Sorry for that, I’m at a conference and I’m trying to push this along in the background without doing any real work on it. I’ve convinced myself it’s the right change, and that’s enough to make me impatient.

Have you done any memory use analysis or compile time impact analysis of this change? Have you consider the algorithm I mentioned? I am not motivated by your rationale above, and I think it will be a huge step forward and effectively define away the problem.

To be clear, I’m a superfan of your work and agree that “automatic invalidation and simplification” are good goals. I’d just love to see more analysis of the situation before burning space on this extra field.

For example, it would be very interesting to see what the typical distribution of local dominance queries actually are. You could take your patch here and have it instrument the “Instruction::comesBefore” method to log the distance between the instruction numbers to a file and generate a histogram of them. My bet is that the vast vast vast majority of them will be small (and I’d guess a HUGE number of them have a distance of +1/-1, whose query can be resolved without computing a numbering in the first place).

Can you do that experiment and report back, e.g. on the SemaChecking.cpp testcase?

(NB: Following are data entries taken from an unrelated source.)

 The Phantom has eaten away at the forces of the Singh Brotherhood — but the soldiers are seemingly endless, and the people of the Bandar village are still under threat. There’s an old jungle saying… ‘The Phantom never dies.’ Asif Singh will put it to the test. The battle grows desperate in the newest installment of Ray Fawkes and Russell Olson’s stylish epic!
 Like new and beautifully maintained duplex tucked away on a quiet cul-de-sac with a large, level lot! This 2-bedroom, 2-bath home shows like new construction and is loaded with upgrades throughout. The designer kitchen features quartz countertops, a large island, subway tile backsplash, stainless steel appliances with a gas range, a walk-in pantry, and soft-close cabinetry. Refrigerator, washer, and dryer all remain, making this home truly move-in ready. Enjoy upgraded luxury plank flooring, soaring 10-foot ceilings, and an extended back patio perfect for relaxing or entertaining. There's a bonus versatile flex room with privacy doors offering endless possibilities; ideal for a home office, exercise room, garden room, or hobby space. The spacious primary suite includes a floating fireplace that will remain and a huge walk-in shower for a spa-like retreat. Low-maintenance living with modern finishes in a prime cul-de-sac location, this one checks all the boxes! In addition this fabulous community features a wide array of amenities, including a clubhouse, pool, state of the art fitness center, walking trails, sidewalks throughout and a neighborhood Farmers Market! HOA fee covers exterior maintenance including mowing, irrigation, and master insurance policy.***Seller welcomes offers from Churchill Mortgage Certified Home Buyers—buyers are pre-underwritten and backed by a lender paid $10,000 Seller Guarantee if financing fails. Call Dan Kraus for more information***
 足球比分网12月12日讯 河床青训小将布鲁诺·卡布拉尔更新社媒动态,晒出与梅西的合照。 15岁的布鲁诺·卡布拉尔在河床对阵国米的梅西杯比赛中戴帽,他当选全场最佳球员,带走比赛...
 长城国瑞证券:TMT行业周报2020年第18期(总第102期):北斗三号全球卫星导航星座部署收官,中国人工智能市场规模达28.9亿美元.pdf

Fair enough. I made a patch to do that, and uploaded it here: https://reviews.llvm.org/D52510
I put it into a spreadsheet and made a histogram here: https://goo.gl/AMLBt7
I grouped the typical query distances into natural log buckets, and the table is small enough to paste here:

distance freq
1-2 3707
2-7 5622
7-20 25764
20-54 1726
54-148 2052
148-403 4462
403-1096 8423
1096-2980 20487
2980-8103 34930
8103-22026 63759
22026-59874 41729

I think the table shows that local dominance queries are, at least for SemaChecking.cpp, not clustered around small distances. The average query is somewhere out around 11,000 instructions apart.

One thing to note is that the code in question isn’t using DominatorTree::dominates. That was identified as a hotspot, so it’s using OrderedBasicBlock, but it’s not caching it at a high enough level to avoid quadratic behavior. Raising it up isn’t easy, hence this patch.

Sanjoy also wanted more data and suggested that I re-run the max RSS during full LTO of llc experiment that I did when I removed the vptr from Value. I went ahead and did that on the review, but it’s not on the dev list, so it may not have enough visibility. I found that the max RSS before the patch was 4816464 kb, and after, 4867836 kb. That’s an increase of 1.06%, or in absolute terms, ~50MB of memory spent on instruction positions during full LTO of llc.

I think Sanjoy’s bit-stealing suggestion is a worthwhile alternative to growing Instruction, but I really think we should analyze it from the position of, is the complexity of bit-stealing from Parent worth it to shrink Instruction?

Anyway, hopefully this looks compelling. I’ll put some of it in the patch description before landing.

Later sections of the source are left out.